Software Project Management under Uncertainties

Software Project Management with Heuristics and Biases

The problem associated with all the aforementioned methodologies lies in the estimation of project input variables: task durations, start and finish times, cost, resources, etc. If input uncertainties are inaccurately estimated, it will lead to inaccurate results regardless of the methodology of project scheduling. 

Tversky and Kahneman [14] have proposed that limitations in human mental processes cause people to employ various simplifying strategies to ease the burden of mentally processing information to make judgments and decisions. During the planning stage, software project managers rely on heuristics or rules of thumb to make estimations. Under many circumstances heuristics lead to predictably faulty judgments or cognitive biases. 
Following are short descriptions of some heuristics that affect the estimation of project variables for software project management. 

The availability heuristic [2,13] is a rule of thumb in which decision makers assess the probability of an event by the ease with which instances or occurrences can be brought to mind. For example, project managers sometimes estimate task duration based on similar tasks that have been previously completed. If they are making their judgment based on their most or least successful tasks, it can cause inaccurate estimation. 

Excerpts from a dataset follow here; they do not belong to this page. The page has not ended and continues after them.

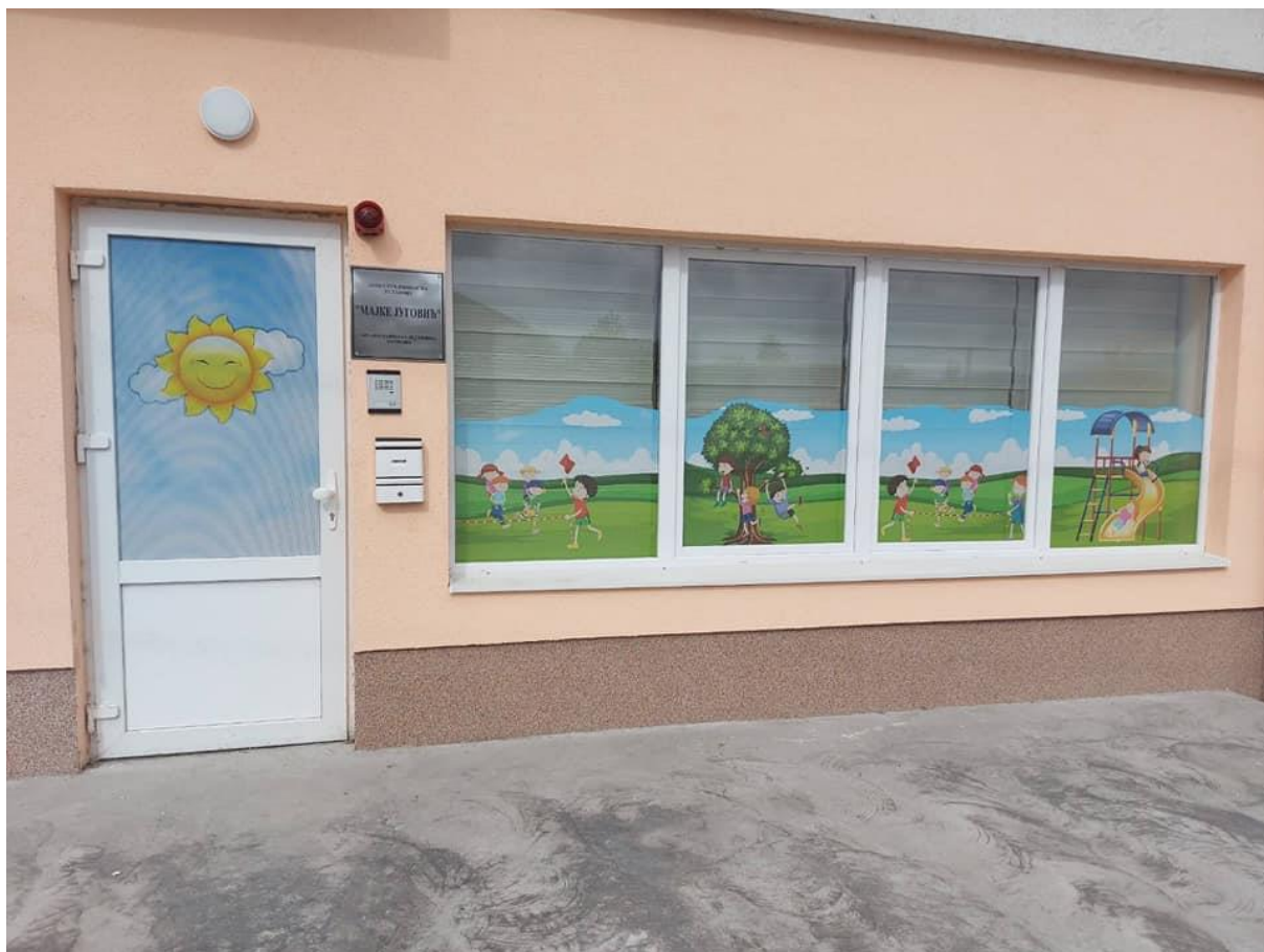
Објекат Установе у ул. Озренских одреда 60, Петрово

Организациона јединица – Дјечији вртић у ул. Озренских одреда 60, Петрово је организациона јединица установе основана на основу Одлуке о измјени и допуни Одлуке о усклађивању организације и рада Јавне предшколске установе „Мајке Југовић“ Добој, Скупштине града Добоја број: 01-013-245/21 од 25.05.2021.године и Одлуке о оснивању организационе јединице установе – Дјечијег вртића у ул.Озренских одреда 60 Петрово у саставу ЈПУ „Мајке Југовић“ Добој, Управног одбора установе, број: 298/2021 од 29.04.2021.године. Почео је са радом 01.11.2021.године и посједује двије радне собе, терасу, двориште и кухињу.
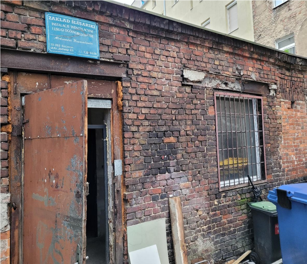
ul. bł. Kr. Jadwigi 23A oficyna
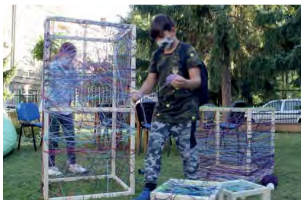
Priestorový objekt z dielne Školy umeleckého priemyslu bol jednoduchý, zároveň deti fascinoval po celý deň.
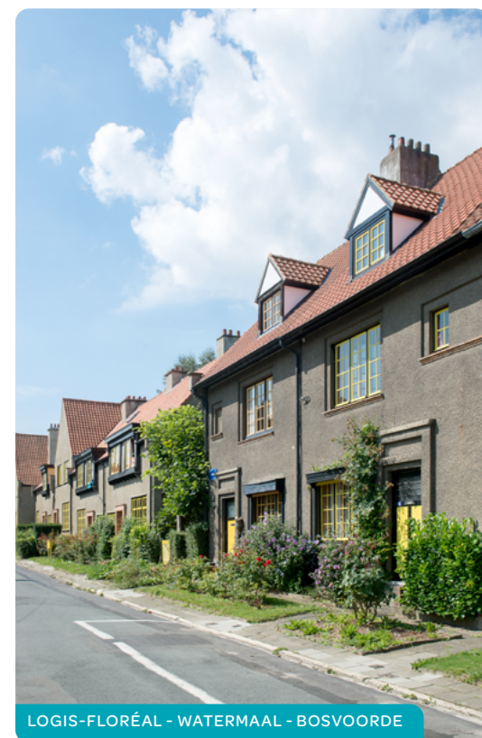
LOGIS-FLORÉAL - WATERMAAL - BOSVOORDE

Deze bedragen worden verhoogd met 2.618,96€ per kind ten laste en met 5.237,91€ per meerderjarige persoon met een handicap. Een kind ten laste met een handicap = 2 kinderen ten laste.
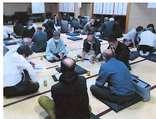
班長を中心に話し合い

「命のバトン」制度は急病時に必要な情報を一刻も早く救急隊員に知らせるためのものです。避難行動要支援者名簿の作成は、自主防災組織、消防団と共に災害時避難支援を行うものです。どちらの制度も自主申告や家族の同意が必要ですので、詳細については町内の班長や見守り推進委員、民生委員、社会福祉協議会、支所等へご相談下さい。町内会未加入者も申し込みができます。コロナ禍で地域の集まりも少なくなりがちで、近所の情報も入りにくい最近ですが、地域を守る情報の交流は大切と改めて感じました。
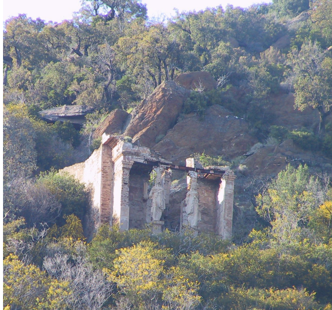
Le Temple d'Hercule
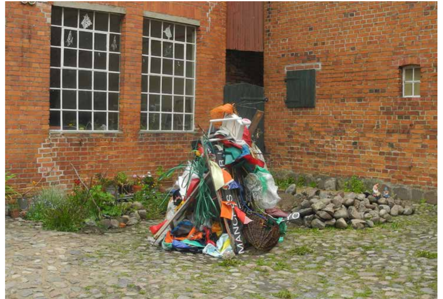
EIN WILDER HAUFEN verschiedene Materialien, Maße variabel
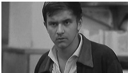
slika br.3 Crni Petar
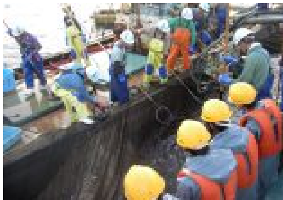
定置網があがってきました。生徒達にとっては非常に緊張する瞬間です。

学校全体としてはこの交流会も今回で6回を数え、回を重ねるごとに漁業士の方々と交流も深まり、生徒達の漁業への理解も一層深まってきているのではないかと思います。2年生海洋科学科としては初めての交流会ですが、9月14日(金) 養老沖で漁業士交流会の一環として、定置網実習を体験しました。
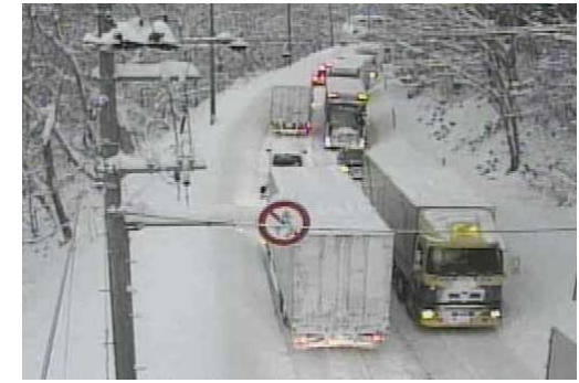
【写②】R3.12.28 国道7号の交通混雑状況
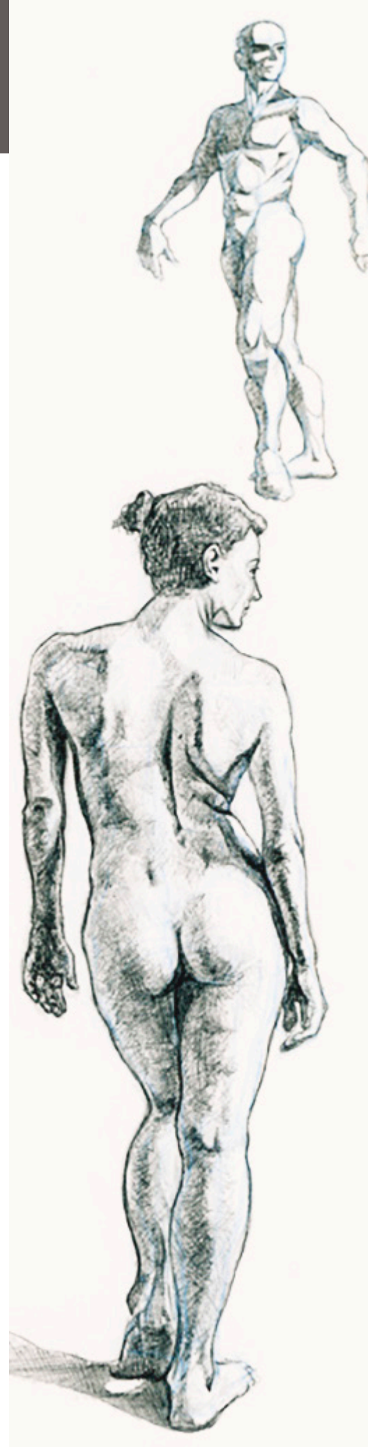
Ilustración Profesor: Alex Lachhein. Diseño: Arteneo

Nota: Arteneo se reserva el derecho de variar contenidos y temarios si lo considerase necesario para la mejora de los mismos. El orden de materias y/o software es orientativo. El/la alumx puede desistir de comenzar el curso informando por escrito y tendrá derecho a la devolución íntegra de lo abonado siempre que lo haga como mínimo con quince días hábiles de antelación a la fecha de comienzo del curso. Se consideran días hábiles, los no festivos de lunes a viernes.
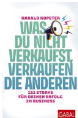
Was du nicht verkauft, verkaufen die anderen Ladenpreis: 28,80EUR
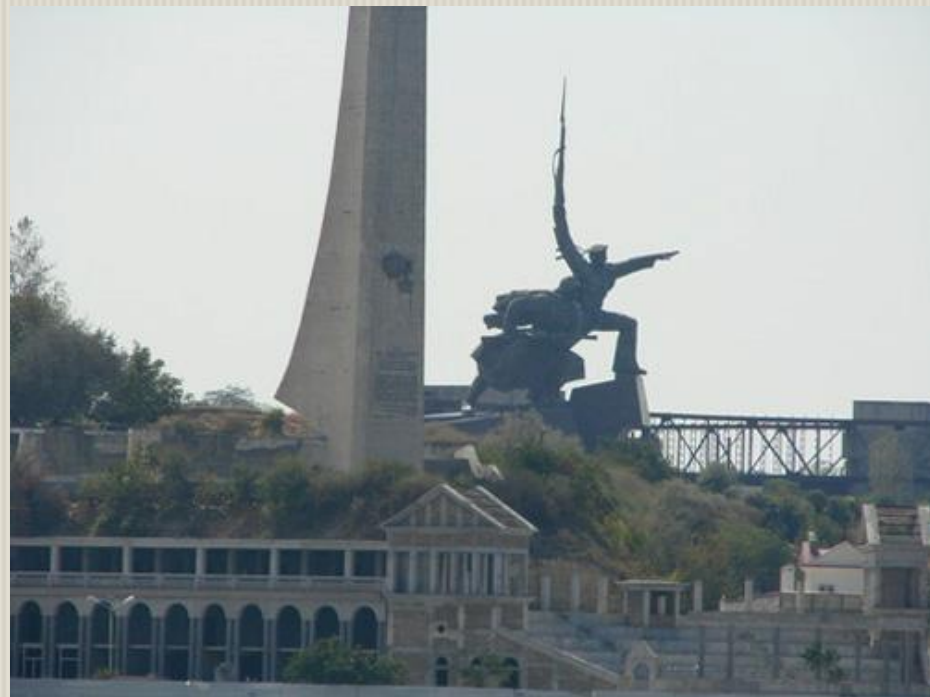
Памятник Героям обороны Севастополя
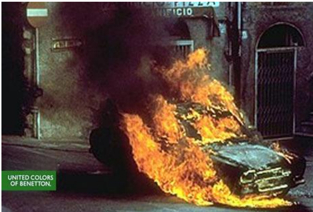
Figura 3. Imagen publicitaria de Benetton en la que se muestra a un auto consumido por el fuego. (Toscani, 1991b)

No sería entonces ningún gran cambio, aunque ésta pueda parecer una modalidad publicitaria sumamente innovadora y con un mensaje conmovedor, sino que hacer ingresar estas imágenes escalofriantes dentro de una de las estrategias más comunes del marketing como es la publicidad. Queda demostrado, una vez más, que nada de lo humano parece lograr escapar al cálculo capitalista. La relación con el vacío y la apariencia no es tratada ya a través de la promoción de los ideales, sino en términos que podrían explicitarse así: “No hay más que este horror que te mostramos, así que vístete con Benetton, ya que sólo quedará tu apariencia” (Aleman, 1993, p.52). Estamos, otra vez, en el adormecimiento.
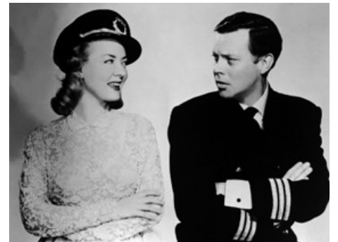
1953 DESCENDONS LE MISSISSIPI (Cruisin' down the River) de Richard Quine avec Dick Haymes
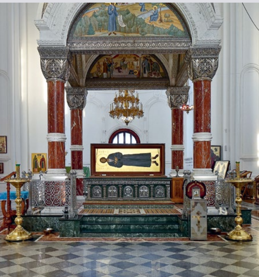
Гробница с мощами праведного Симеона

Со временем из Верхотурья в Меркушино возникла паломническая Симеонова тропа, по которой ежегодно ходят богомольцы. В маршрут включен и Симеонов камень — место на берегу Туры под елью, где праведник рыбачил и уединялся для молитвы.
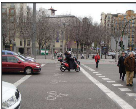
Avanza Motos Ciudad Barcelona
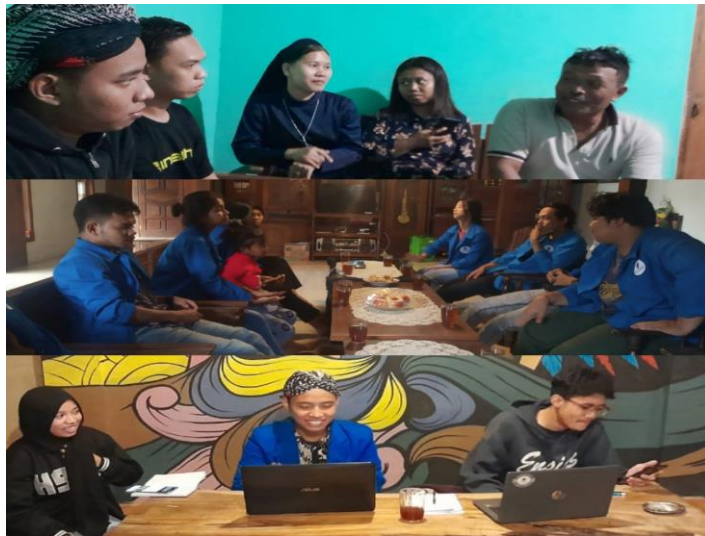
Gambar 1. Sesi Penyampaian Informasi (Ceramah) Mengenai Pelaporan SPT
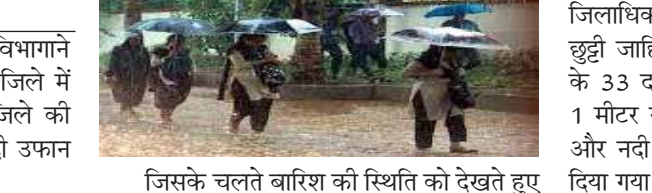
जिसके चलते बारिश की स्थिति को देखते हुए

भंडारा : भंडारा जिला हवामान विभागाने बारिश का रेड अलर्ट दिया है। दिनों से जिले में मुसालधार बारिश हो रही है। तो वही जिले की जीवनदायनी कही जाने वाली वैनगंगा नदी उफान पर बह रही है।
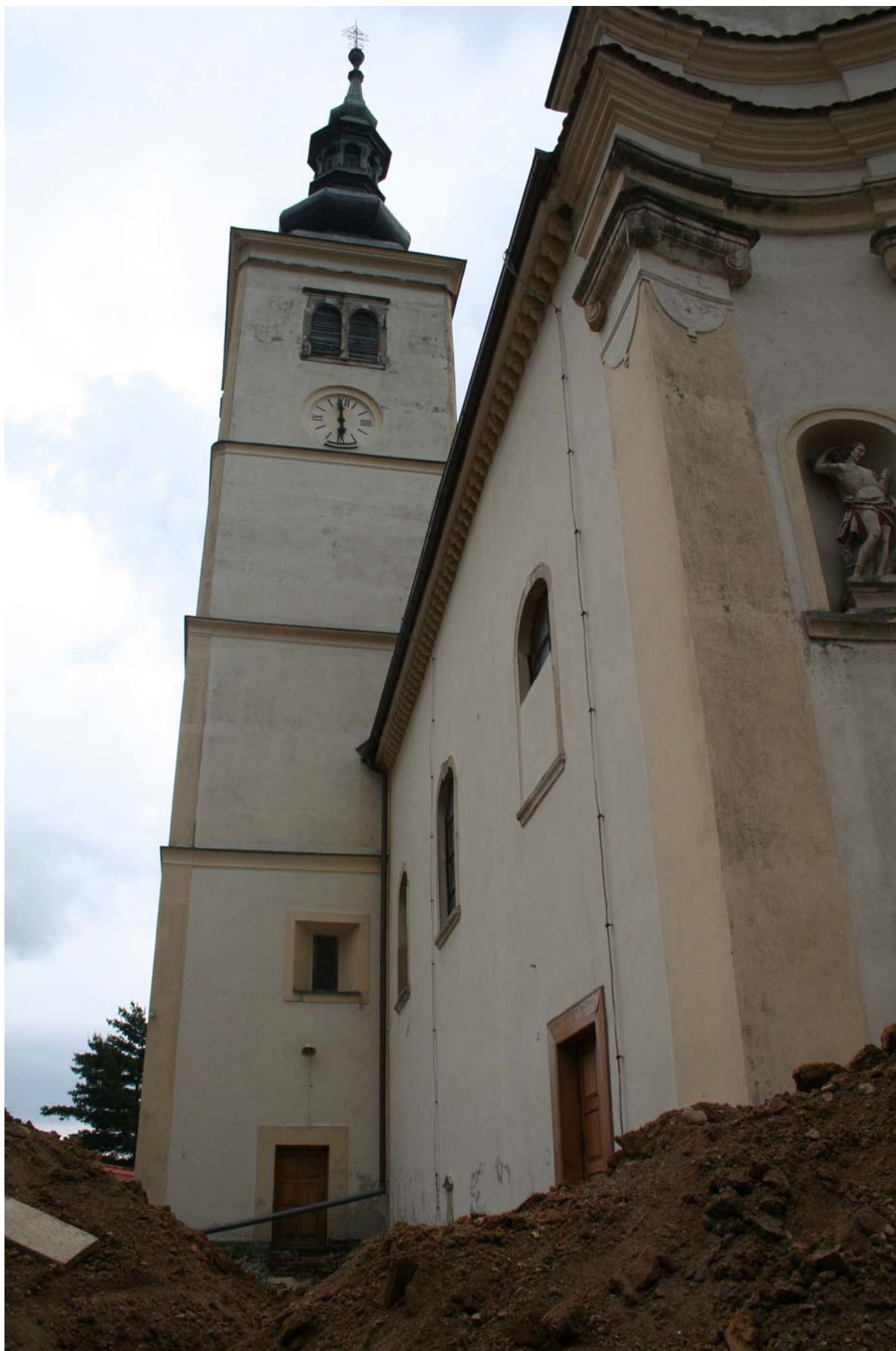
toranj crkve neposredno prije urušavanja
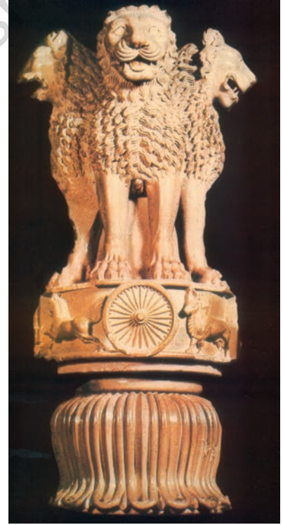
शेरों वाला स्तंभ-शीर्ष

अशोक जिस साम्राज्य पर शासन करते थे उसकी स्थापना उनके दादा चन्द्रगुप्त मौर्य ने लगभग 2300 साल पहले की थी। चाणक्य या कौटिल्य नाम के एक बुद्धिमान व्यक्ति ने चन्द्रगुप्त की सहायता की थी। चाणक्य के कई विचार हमें अर्थशास्त्र नाम की किताब में मिलते हैं।
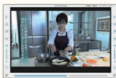
プロに聞く(家庭分野)

さまざまな分野で活躍する人のインタビューを通して、ものづくりの面白さや働く人の思いを伝えます。
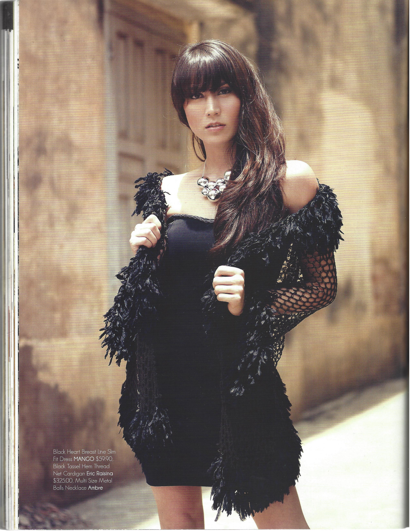
Black Heart Breast Line Slim Fit Dress MANGO $59.90, Black Tassel Hem Thread Net Cardigan Eric Raisina $325.00, Multi Size Metal Balls Necklace Ambre
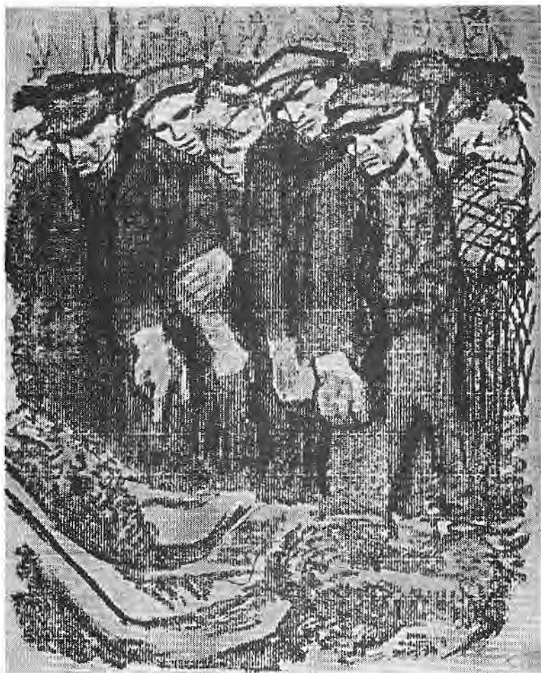
«مزار قربانیان انقلاب ۱۸۴۸» (گورستان مارس)، ۱۹۱۳

The anchoring heuristic [14] refers to the human tendency to remain close to the initial estimate. For example, anchoring will lead to an overestimation of the success rate of the project with multiple phases because the chance of completion of each separate phase of the project can be an anchor in estimating the success rate for the whole project [9].

Judgments concerning the probability of a scenario are influenced by amount and nature of details in the scenario in a way that is unrelated to the actual likelihood of the scenario [12]. It is called the representativeness heuristic. This heuristic can lead to the “gambler’s fallacy” or belief that a positive event is overdue because a series of negative or undesirable events have already occurred. 

Decision makers can be exposed to many cognitive and motivational factors that can lead to biases in perceptions. This effect is often referred to as selective perception. For example, estimation of a task’s cost can be influenced by the intention to fit the task into the project’s budget. As a result, some of the project parameters can be overestimated.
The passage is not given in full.